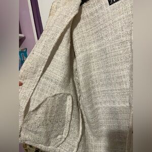 ZARA Off-White Textured Tweed Button-Up Jacket – Size M
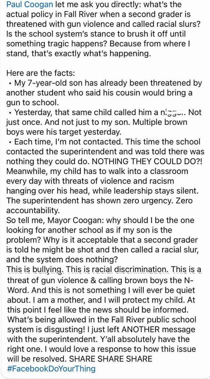 A mother who stated that her son attends a Fall River public school posted the following on Tuesday.
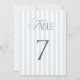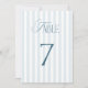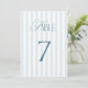 Timeless Blue Stripes Wedding Table Number 7 Sign Einladung

▸ **Exercise**: When you reproduce the material, keep every word exact and leave each picture out.

▸ **Your solution**:
 ZARA Off-White Textured Tweed Button-Up Jacket – Size M
 A mother who stated that her son attends a Fall River public school posted the following on Tuesday.
 Timeless Blue Stripes Wedding Table Number 7 Sign Einladung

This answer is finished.